**DATA EXTRACT**

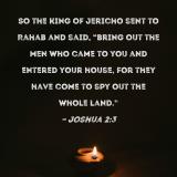 So the king of Jericho sent to Rahab and said, "Bring out the men who came to you and entered your house, for they have come to spy out the whole land."
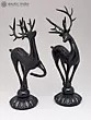 One reindeer, frozen mid-motion, delicately lifts a foot, as if dancing or leaping, while the other gazes with tranquil poise. This artistic representation not only captures the grace and beauty of deer but also infuses a poetic aura into home decor, creating a majestic ambiance with its expressive and elegant portrayal.
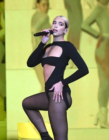 Сцена — место, где Дуа добилась наибольших успехов. Причем не только благодаря своему голосу, но и потрясающим нарядам, которые запоминаются даже тем, кто еще не стал поклонником вокала певицы. Здесь звезде и ее гардеробной фее Лоренцо можно экспериментировать без ограничений: платье с кристаллами в стиле эпохи ревущих 20-х от Miu Miu, фантастическая накидка от Versace, под которой скрывается сверкающий бельевой комплект, или откровенное ярко-красное боди с черными колготками.
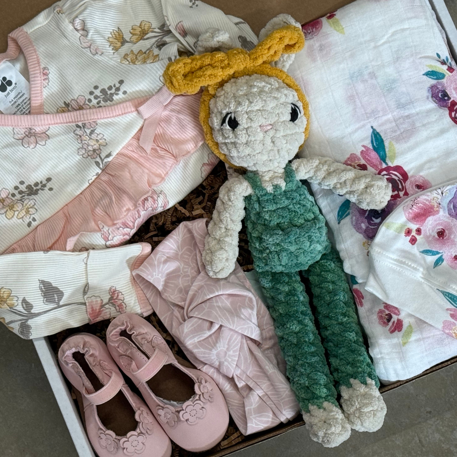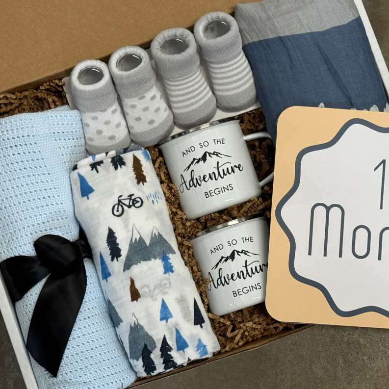 Our baby gift boxes are brimming with cozy blankets, playful teethers, gentle skincare products, and soft plushie toys – everything to comfort and entertain the little one. We also include thoughtful items for mom and dad, like soothing mama body oils or delicious treats to help them navigate those precious (and sometimes sleep-deprived) first few weeks.

**EXERCISE**
Your answer must be an exact copy of the listing, minus its pictures.

**RESULT OF THE TASK**
 So the king of Jericho sent to Rahab and said, "Bring out the men who came to you and entered your house, for they have come to spy out the whole land."
 One reindeer, frozen mid-motion, delicately lifts a foot, as if dancing or leaping, while the other gazes with tranquil poise. This artistic representation not only captures the grace and beauty of deer but also infuses a poetic aura into home decor, creating a majestic ambiance with its expressive and elegant portrayal.
 Сцена — место, где Дуа добилась наибольших успехов. Причем не только благодаря своему голосу, но и потрясающим нарядам, которые запоминаются даже тем, кто еще не стал поклонником вокала певицы. Здесь звезде и ее гардеробной фее Лоренцо можно экспериментировать без ограничений: платье с кристаллами в стиле эпохи ревущих 20-х от Miu Miu, фантастическая накидка от Versace, под которой скрывается сверкающий бельевой комплект, или откровенное ярко-красное боди с черными колготками.
 Our baby gift boxes are brimming with cozy blankets, playful teethers, gentle skincare products, and soft plushie toys – everything to comfort and entertain the little one. We also include thoughtful items for mom and dad, like soothing mama body oils or delicious treats to help them navigate those precious (and sometimes sleep-deprived) first few weeks.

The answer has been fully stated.